Он вошел под крышу обширной, с асфальтовым полом беседки. Нужно было переждать дождь, сделавшийся слишком густым и назойливым. Хаотически брошенные, может быть, шахматистами, обыкновенно населяющими беседку, безмолвствовали на территории многочисленные люксембургские бледно-зеленые стулья. Взявшись за один, он отчленил его от железной толпы собратьев и уселся лицом к тропинке, ведущей к выходу из сада. И к туалетам.
Энергичный, черноволосый вкатил коляску с крупным младенцем отец. Второй ребенок, девочка лет пяти, вбежала, держась за отцовский задний карман черных брюк. Буржуа. Неплохой ебарь. Старомоден, определил отца писатель. До сих пор делает любовь с женой, как с любовницей. Профессия? В каком-то энергичном он бизнесе, не с бумагами. Если бы с бумагами, он был бы полусонный. Скорее всего, владелец магазина. Посадив девочку на стул, отец, вынув из кармана платок, стал вытирать ей волосы. Девочка хохочет, следовательно, семья счастливая… Глупости, и несчастный ребенок может хохотать. Почему нет?
Худая, симпатичная — светлые брюки и черный cotton пиджак (без подкладки?) поверх t-shirt — писатель почувствовал классовую близость к ней — вошла с тучным молодым человеком в очках, слишком свободных брюках и рубашке в крупных цветах. Вошла первая, и, ведомый за нею, ступил мешковатый в очках. Кто? Не сын. Не брат. Любовник? Вряд ли. Скорее всего, приятель, явившийся в Париж, она ему показывала сад, и вот их загнал сюда дождь. Возможен и другой вариант: она приехала в Париж, и он (в конце концов, рубашка в цветах близка по духу к Les Halles) прогуливает ее в Люксембургском саду. Они уселись справа от писателя, лицом к лицу, на довольно приличном друг от друга расстоянии. Заговорили по-французски и, кажется, без акцента. Но ее лицо может быть лицом итальянки.

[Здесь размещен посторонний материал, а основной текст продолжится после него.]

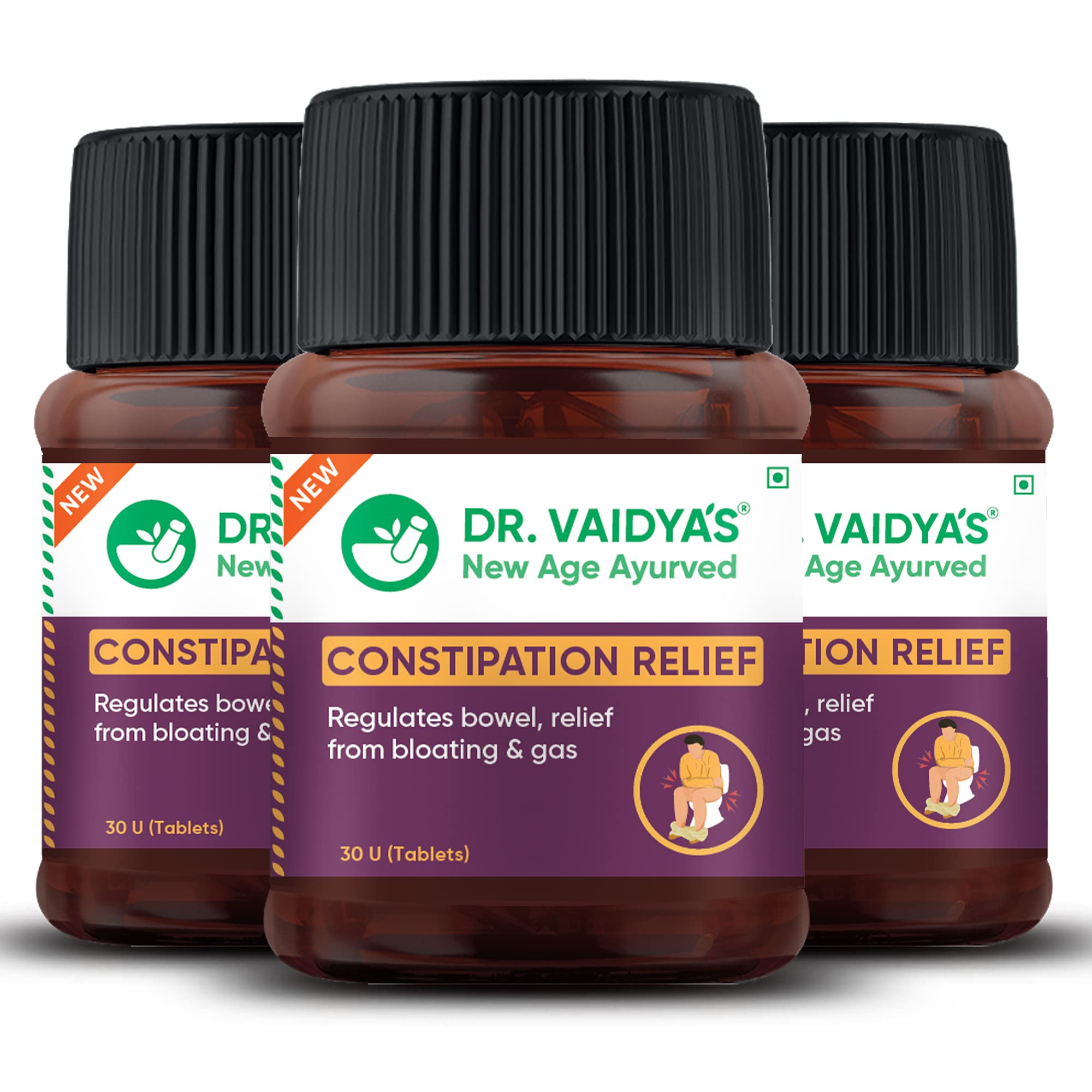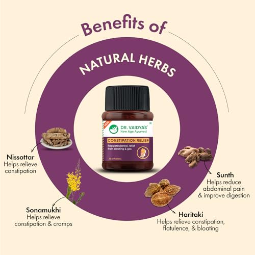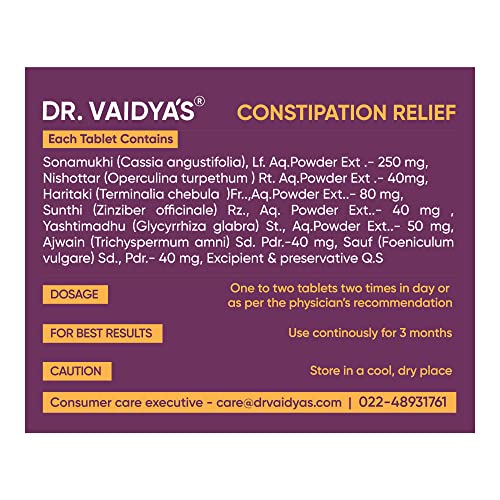Dr. Vaidya's Constipation Relief Tablets | Ayurvedic| Relievs Gas & Bloating | Regulate Bowel Movements | (30 Tablets Each) Pack of 3

Он выбрал лужу, дабы, глядя на частоту падения капель именно в эту лужу, следить за изменением интенсивности дождя. Лужа обильно пузырилась, но со стороны кортов, где не было крупных деревьев, только молодняк, небо оставалось светло-серым и, кажется, даже светлело. Большой голубь притопал пешком к его ногам и приступил к чесанию перьев. Как собака, у которой блохи. Существуют ли блохи у голубей? А может быть, это особые насекомые, голубиные блохи? При всем том голубь выглядел вполне здоровым, крупным голубем. Стать его соответствовала стати мужчины в метр восемьдесят ростом…
Широко загребая руками, тип в устарелой формы бежевых широких внизу брюках и свитере цвета люксембургских стульев вплыл рывками в беседку. Зад типа был куда обширнее обтекаемых свитером его плеч. На черепе, поверх редкого слоя волос, поблескивал обруч наушников «walkman», а корпус «walkman» висел, зацепленный за карман брюк у ляжки. Тип заходил по беседке. Голова и туловище выдвигались первыми, затем следовали гребки рук, и только после этого сдвигался зад и ноги. Разумеется, подобный способ передвижения, как и форма тела, свидетельствует об анормальности типа. «Walkman» также ненатурально выглядел в обществе мужика среднего возраста. В фильмах такими представляют нам больных убийц и сексуальных маньяков. Что же, народ созидающий фильмы — неглупый народ. Различного таланта, но неглупый и наблюдательный. Как и фотографы. Связь между телом человека и его психикой, несомненно, существует. Хотя человечество осудило Ломброзо за его якобы расистские изыскания, последнее слово еще не сказано, «ще не вeчiр», как гласит украинская пословица. Поглядим, что будет дальше. Человечество не единожды уже осуждало свои собственные открытия как заблуждения, чтобы возвратиться к ним позднее. Разве не были осуждены первые храбрецы, утверждавшие, что Земля вертится вокруг Солнца, а не наоборот? Были…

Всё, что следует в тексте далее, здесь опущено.